HASAN: As much as he misses New Orleans, Veal says he finally feels at home here. For NPR News, I'm Syeda Hasan in Houston.

JULIE ROSE, BYLINE: And I'm Julie Rose in Utah. Of the 600 or so people evacuated here from New Orleans, only a few dozen remain in the Salt Lake City area, including Ernest Timmons.

ERNEST TIMMONS: They can accumulate to this type of environment. This is very different from New Orleans.

ROSE: It would be hard to find a place more different from New Orleans than the arid mountains of Salt Lake City. And Timmons, who's 66 and divorced, isn't exactly a bon vivant, but he misses the New Orleans nightlife, the conviviality, the food.

TIMMONS: The food's rather bland. New Orleans' is pretty spicy. You know, the food is part of the culture of New Orleans because people like to eat. They like to get together.

ROSE: Which brings us to maybe the biggest difference - here, blacks make up less than 2 percent of the population.

So how often do you see another African-American during the week?

TIMMONS: Well, when I come to church. That's about it.

UNIDENTIFIED WOMAN: Good morning, again.

TIMMONS: Good morning, Gretchen (ph). How you doing, sugar? Thank you.

UNIDENTIFIED WOMAN: Good to see you.

TIMMONS: Thank you.

ROSE: Timmons found the congregation that's become his family soon after arriving. Pastor France Davis of Calvary Baptist Church visited the National Guard training camp where the evacuees were being housed and held services. Timmons joined the church choir. Pastor Davis was impressed with Timmons' drive and offered him a job helping other evacuees settle in. That position lasted a couple of years and inspired Timmons to get his master's degree in social work. He's now employed full-time at a mental health agency. One reason Timmons has outlasted most of the others is his adaptability. He lived a lot of places during 10 years in the Air Force as a young man, saw a lot of storms.

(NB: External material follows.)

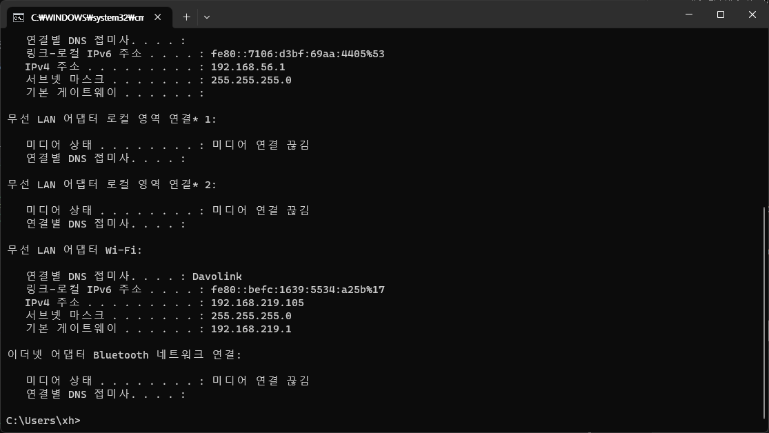 win+r->cmd입력 ->ipconfig입력(windows) -> 무선 Lan 어댑터 wi-fi 부분의IPv4주소 확인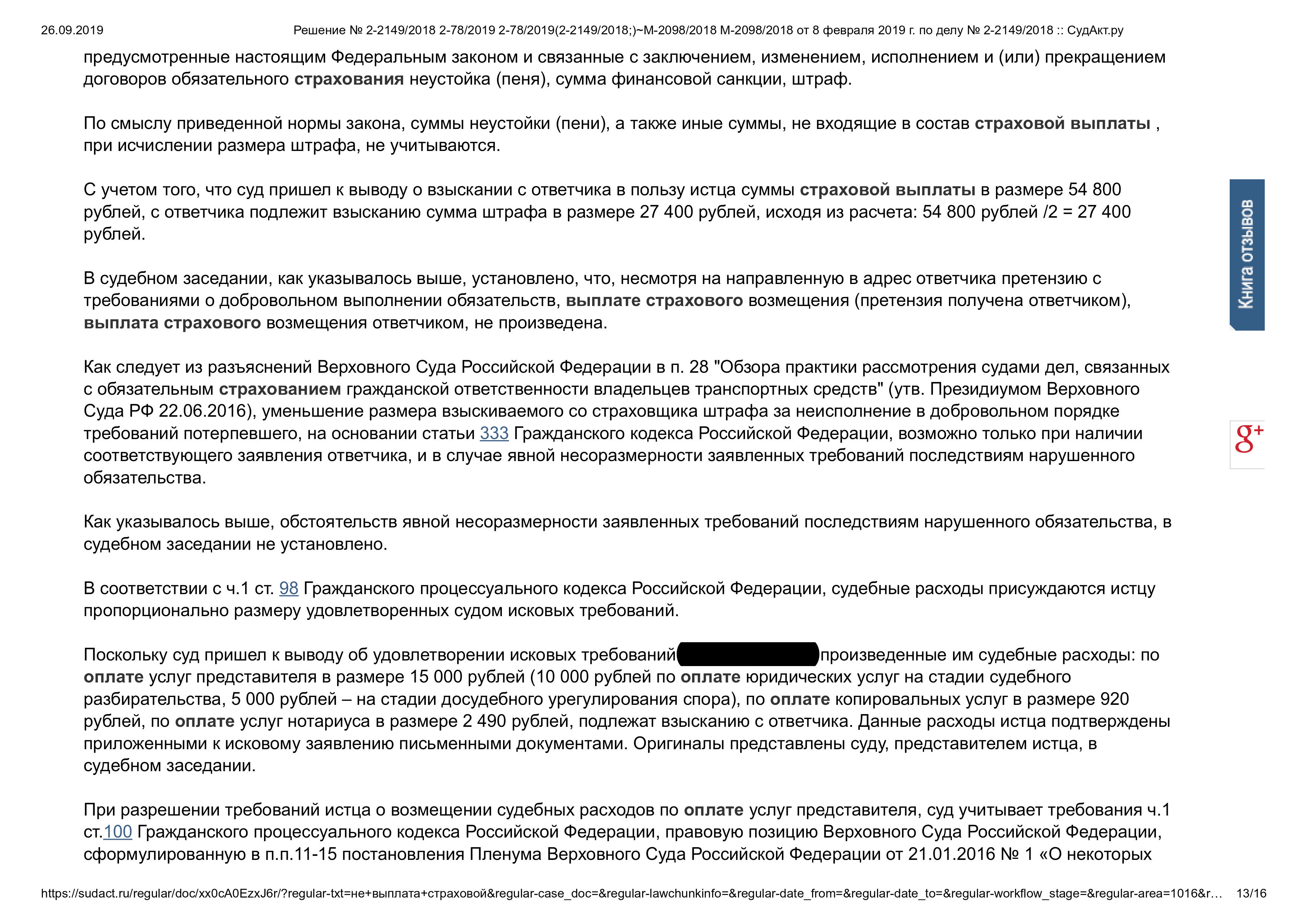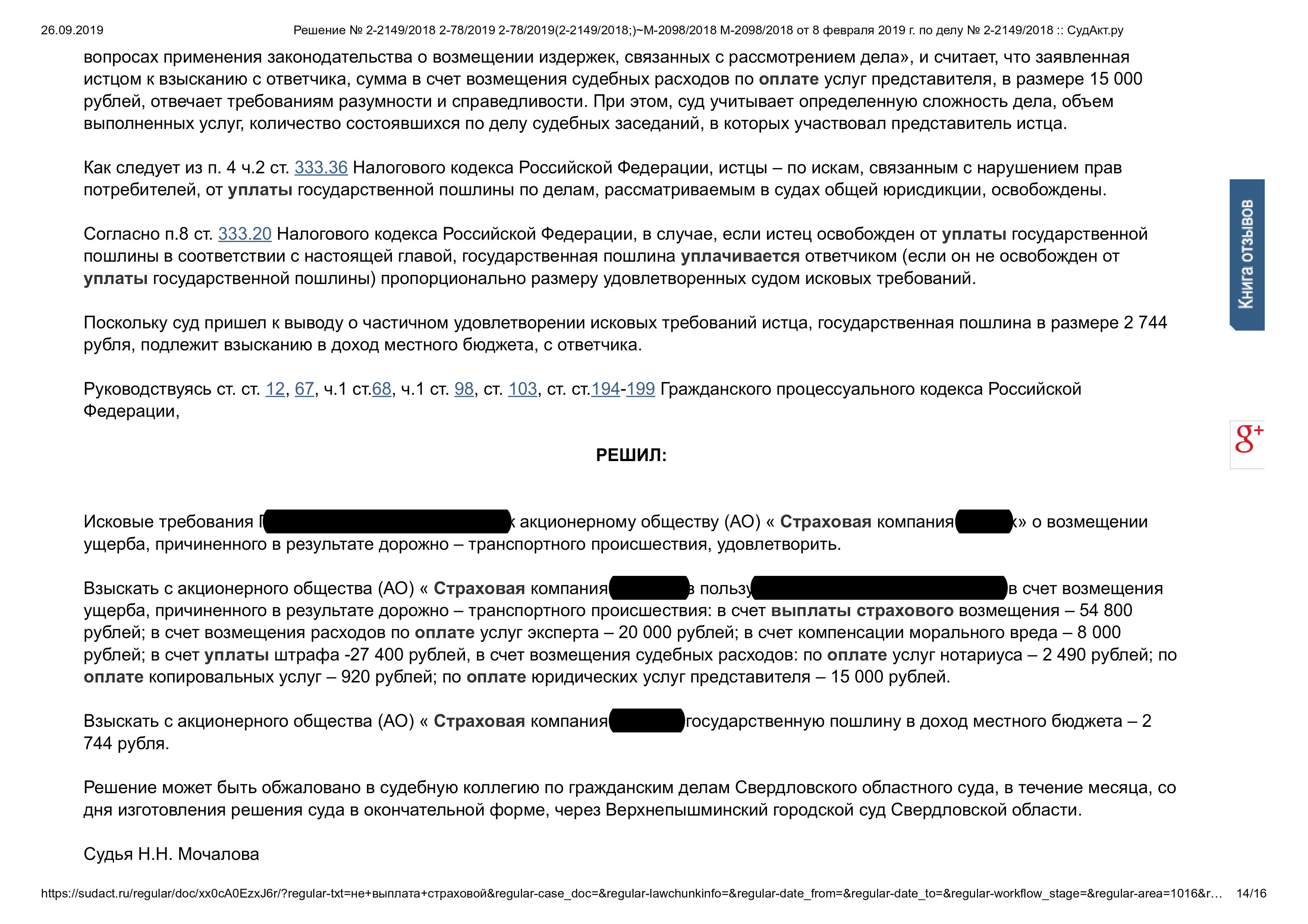 Суд решил: Взыскать с ответчика в пользу истца в счет возмещения ущерба, причиненного в результате дорожно – транспортного происшествия: в счет выплаты страхового возмещения – 54 800 рублей; в счет возмещения расходов по оплате услуг эксперта – 20 000 рублей; в счет компенсации морального вреда – 8 000 рублей; в счет уплаты штрафа ответчика – 27 400 рублей, в счет возмещения судебных расходов: по оплате услуг нотариуса – 2 490 рублей; по оплате копировальных услуг – 920 рублей; по оплате юридических услуг представителя – 15 000 рублей. Взыскать с ответчика государственную пошлину в доход местного бюджета – 2 744 рубля.

TIMMONS: Storms come. Storms go. But that's life.

ROSE: Pastor France Davis is convinced Timmons is better off for sticking around.

FRANCE DAVIS: In terms of his lifestyle and housing and those sorts of things that is available here is much more decent and much more affordable than it was for them in New Orleans.

ROSE: Sure, Timmons says he misses his hometown, but he's never really considered going back, except for an occasional visit. His parents have passed away and his siblings are scattered around the South, so there's really not much for him to go home to.

TIMMONS: And I feel like I was brought here by God, so I'm OK.